There currently are no suspects in the bombing of the guidestones, which have always been shrouded in some mystery. Erected in 1980 in Elbert County, Georgia, the monument was 16 feet tall and consisted of “five stones arranged in an ‘x’ shape, with four wings surrounding a central stone,” according to Medium’s Michael East, writing in 2021. “The structure [was] topped by a 25,000-pound capstone.” Relating the stones’ history, East further stated:
It was in June of 1979 that the Elberton Granite Finishing Company was approached to create the monument by “a small group of loyal Americans”. The alleged spokesman of this group, the elegantly presented Robert C. Christian, walked into their offices on the Tate Street Extension in Elberton and made President Joe H. Fendley a seemingly outrageous proposal. Christian stated that he wished for a megalithic structure comprising of 16-foot stones to function as a compass, clock and calendar. He specified that the creation should be able to defy manmade and natural disaster.

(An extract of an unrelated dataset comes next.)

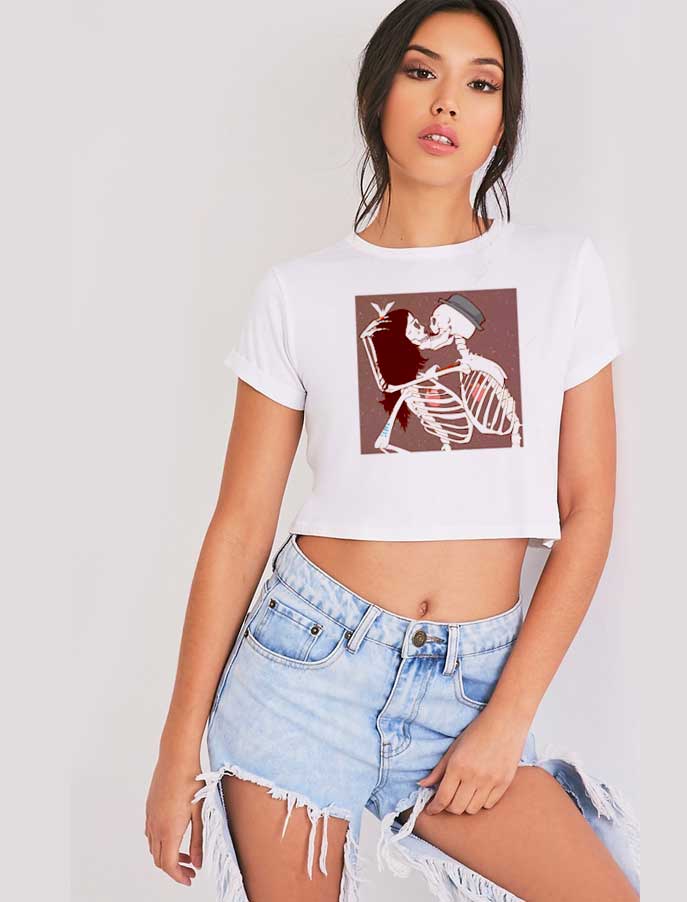 Calaveras Skeleton Couple Kiss Halloween Crop Top Shirt – Cheap Custom Crop Top Shirt In USA – Best Product Crop Top Shirts
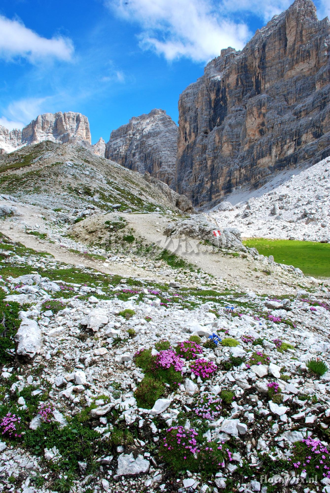 3399 - AlpenPix (Wild) - 2011-11-18(Dimension: 1369 x 2050 pixels - Counter: 6640) Silene acaulis cushions ![]() Locality: Italy - Falzarego, Italy Photographer: Cliff Booker Note: Silenes and gentians in the limestone detritus. (Sent: Alpine-l@science.uu.nl)

The enigmatic man admitted his name was a pseudonym and that he had chosen it simply because he was a Christian. He added that he represented a party from outside the state who wished to remain anonymous in perpetuity. He had come to Elberton because the city’s granite was the finest in the world.
East’s guidestones story is worth reading in its entirety. The bottom line, however, is that the monument provides prescriptions for mankind’s future, with many saying it’s intended for a post-apocalyptic world.
As mentioned earlier, while many have let romanticism run away with them and likened the guidestones to Stonehenge, others have called them satanic because of the social engineering (eugenism, for example) that would apparently be necessary to effect their reproduction and population prescriptions. Yet the prescriptions overall were a bit of a mixed bag.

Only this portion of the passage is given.